The World’s First Major Geoengineering Startup Unveils its Technology

On Cleveland’s rejection, Cuba’s energy crisis, and U.S. LNG exports

Earth.
Heatmap Illustration/Getty Images

Current conditions: Winds topping 60 miles per hour are howling through the mountains in Montana and the Dakotas • An early heatwave in the Central United States is driving temperatures in Texas and Oklahoma as high as 100 degrees Fahrenheit • Though it’s still early in the season, the Arctic is on track to experience its highest number of wildfire ignitions in 3,000 years.


THE TOP FIVE

1. A secretive geoengineering startup unveils its technology

Stardust Solutions, the startup led by former Israeli government physicians that’s promising technology that can reflect sunlight back into space and artificially cool the planet, has released information on the proprietary particle it wants to spray in the atmosphere. On Thursday, the company laid out blueprints for two separate particles, both nearly spherical and half a micron in size. The materials are made from natural compounds frequently used in toothpaste and food additives. The first-generation technology is amorphous silica, which the company called “fully bio-safe, manufacturable at scale today, and at a very advanced stage of validation.” The second-generation formulation adds a calcium carbonate core inside the silica shell. “The reason is straightforward: At high doses, any particle that absorbs a meaningful amount of the Earth’s outgoing infrared radiation will heat the stratosphere, which is a side effect you want to avoid,” the company said. “Gen 2 is as reflective to the incoming sunlight (visible light), but is more transparent to the outgoing infrared radiation, so it can be deployed at higher doses without that heating effect.”
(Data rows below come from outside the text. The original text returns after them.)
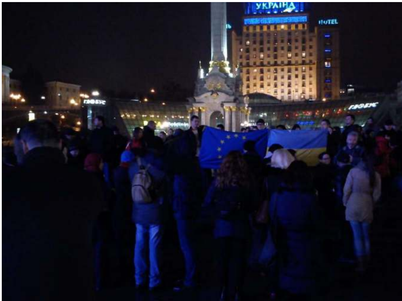
Початок Євромайдану. 21 листопада 2013 року.

За інформацією «Української правди», ближче до півночі на головній площі Києва зібралось близько 1500 осіб із прапорами України та Євросоюзу. Від майдану Незалежності вони вирушили на вулицю Банкову, яку заблокували силовики. Заспівавши гімн України під Адміністрацією президента, люди повернулися на центральну площу. Частина з них залишилася на майдані Незалежності до ранку, тим самим заявивши, що протест буде безстроковим. Маніфестантів підтримали деякі опозиційні політики, які також вирішили чергувати вночі на Майдані з метою захисту протестувальників.
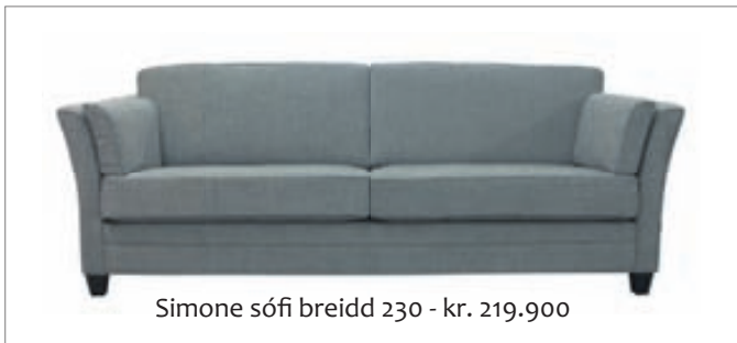
Simone sófi breidd 230 - kr. 219.900
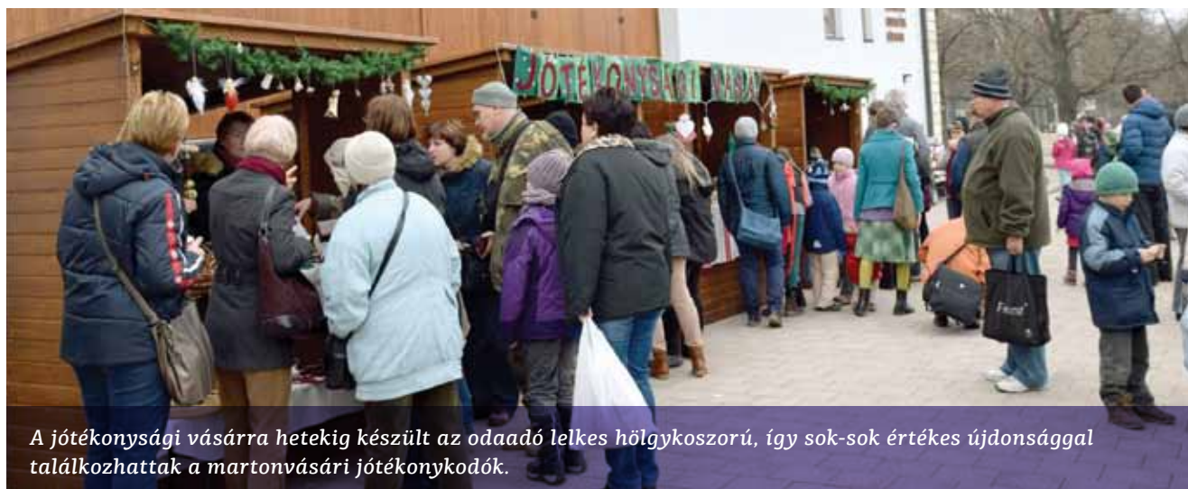
A jótékonysági vásárra hetekig készült az odaadó lelkes hölgykoszorú, így sok-sok értékes ajándékkal találkozhattak a martonvásári jótékonycodók.
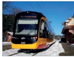
NET 2012 Deutschland
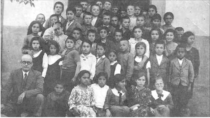
Adalet Aġaoġlu, önden ikinci sırada sağdan üçüncü.
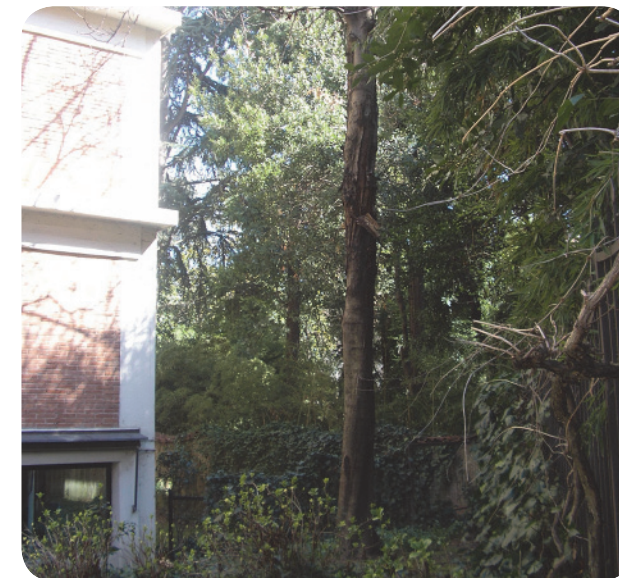
2 . L'area verde di pertinenza del palazzo in via Dante, interna al perimetro del vincolo.

Last month, Stardust put out the first ethical guidelines to which it plans to hold itself. Heatmap’s Robinson Meyer broke the news in October that the company was emerging from stealth with $60 million in funding to support its commercialization. “The idea that certain interventions could reduce the chance of really bad climate outcomes, like collapse of Antarctic ice sheets, isn’t new. The Stardust patents show that these ideas are now moving from the realm of the theoretical to the realm of the possible,” Hannah Safford, a climate expert at the Federation of American Scientists, said in a statement Thursday. “It’s time to take climate intervention strategies more seriously, and rigorously evaluate the risks of these strategies against the risks of failing to intervene.”

2. Cleveland blocks a $1.6 billion data center

Cleveland, Ohio’s second-largest city, has rejected a permit application for a $1.6 data center on a 35-acre lot in the Slavic Village neighborhood. The city, the Cleveland Signal reported, “offered no details about why it was rejecting it.” In a statement, Cleveland Mayor Justin Bibb said he held “serious concerns about hyperscale, standalone data centers being placed in residential neighborhoods.” The Democrat said he was echoing voters’ concerns about the computer farms.

Roughly 25 data centers were canceled in the first quarter of this year due to mounting local opposition, Rob reported in an exclusive earlier this month. Polling from Heatmap Pro, meanwhile, shows that public support for data centers has nosedived from even its paltry position last fall.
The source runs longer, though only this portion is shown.